Here are the prestigious villas open to the public in the area surrounding the Osteria il Botteghino

Since they are all located within a radius of just a few km, you can decide whether to choose one  or visit them all, dedicating an entire day to the luxury and prestige that enriches the landscape of Lucca.
We will give you the links of their official sites so you can check the opening hours.

Villa Reale 

 Loc. Villa Reale, Marlia, 55014 Lucca

La straordinaria storia di Villa Reale si snoda nel corso dei vari secoli con una serie di trasformazioni testimoniate da personaggi illustri e dinastie regali. Il primo nucleo dell’edificio era formato da una fortezza, dove viveva il Duca di Tuscia durante l’epoca medievale. Nel 1806, Elisa Bonaparte Baciocchi, sorella di Napoleone e Principessa di Lucca, acquistò la proprietà e la villa assunse, così, l’aggettivo di “Reale”, grazie al titolo di Elisa di Regina dell’Etruria.

Dopo la caduta di Napoleone, la villa divenne la residenza estiva della nuova corte e palcoscenico per splendidi spettacoli, con spesso membri di famiglie nobili e regali come ospiti.

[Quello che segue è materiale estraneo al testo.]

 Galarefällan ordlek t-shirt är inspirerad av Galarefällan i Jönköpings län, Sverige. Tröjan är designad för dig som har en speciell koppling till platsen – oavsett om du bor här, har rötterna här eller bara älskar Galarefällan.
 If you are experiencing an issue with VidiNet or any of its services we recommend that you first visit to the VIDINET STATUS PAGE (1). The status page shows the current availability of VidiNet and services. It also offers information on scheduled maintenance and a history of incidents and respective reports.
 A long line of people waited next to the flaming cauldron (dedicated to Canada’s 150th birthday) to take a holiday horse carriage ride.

Nel 1847, Carlo Ludovico di Borbona abdicò causando la fine dell’autonomia politica di Lucca e, nella seconda metà del 1800, la residenza storica passò nelle mani del Re d’Italia. Il conte e la contessa Pecci-Blunt acquistarono la proprietà nel 1923, commissionando la ristrutturazione del parco e dei giardini con lo scopo di unire tradizione ed innovazione. Nel 2015 infine, una giovane coppia svizzera ha comprato la villa oramai in stato di abbandono e, nonostante le numerose difficoltà incontrate, ha deciso di riportare Villa Reale al suo antico splendore.

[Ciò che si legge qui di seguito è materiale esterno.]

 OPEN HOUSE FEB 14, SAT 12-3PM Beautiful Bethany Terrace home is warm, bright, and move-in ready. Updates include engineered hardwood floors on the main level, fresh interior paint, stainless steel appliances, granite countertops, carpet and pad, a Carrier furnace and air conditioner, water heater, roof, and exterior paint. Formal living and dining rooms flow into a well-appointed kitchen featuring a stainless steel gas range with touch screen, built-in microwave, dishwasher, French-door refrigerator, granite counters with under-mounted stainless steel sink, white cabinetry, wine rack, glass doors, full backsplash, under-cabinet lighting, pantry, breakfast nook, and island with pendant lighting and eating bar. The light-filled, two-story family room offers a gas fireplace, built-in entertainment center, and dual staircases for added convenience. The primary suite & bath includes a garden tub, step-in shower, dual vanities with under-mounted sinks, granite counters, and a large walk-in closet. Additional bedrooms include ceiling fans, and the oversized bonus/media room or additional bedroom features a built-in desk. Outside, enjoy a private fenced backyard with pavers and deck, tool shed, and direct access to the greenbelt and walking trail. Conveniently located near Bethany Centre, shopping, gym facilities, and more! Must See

The extraordinary history of Villa Reale unfolds over the centuries with a series of transformations witnessed by illustrious characters and royal dynasties. The first nucleus of the building consisted of a fortress, where the Duke of Tuscia lived during the Middle Ages. In 1806, Elisa Bonaparte Baciocchi, Napoleon’s sister and Princess of Lucca, bought the property and the villa thus assumed the adjective of “Royal”, thanks to the title of Elisa di Regina dell’Etruria.
After the fall of Napoleon, the villa became the summer residence of the new court and the stage for splendid shows, often with members of noble families and royalty as guests.
In 1847, Carlo Ludovico di Borbona abdicated causing the end of the political autonomy of Lucca and, in the second half of the 1800s, the historic residence passed into the hands of the King of Italy. The Count and Countess Pecci-Blunt bought the property in 1923, commissioning the restructuring of the park and gardens with the aim of combining tradition and innovation. Finally, in 2015, a young Swiss couple bought the villa by now in a state of neglect and, despite the numerous difficulties encountered, decided to restore Villa Reale to its former glory.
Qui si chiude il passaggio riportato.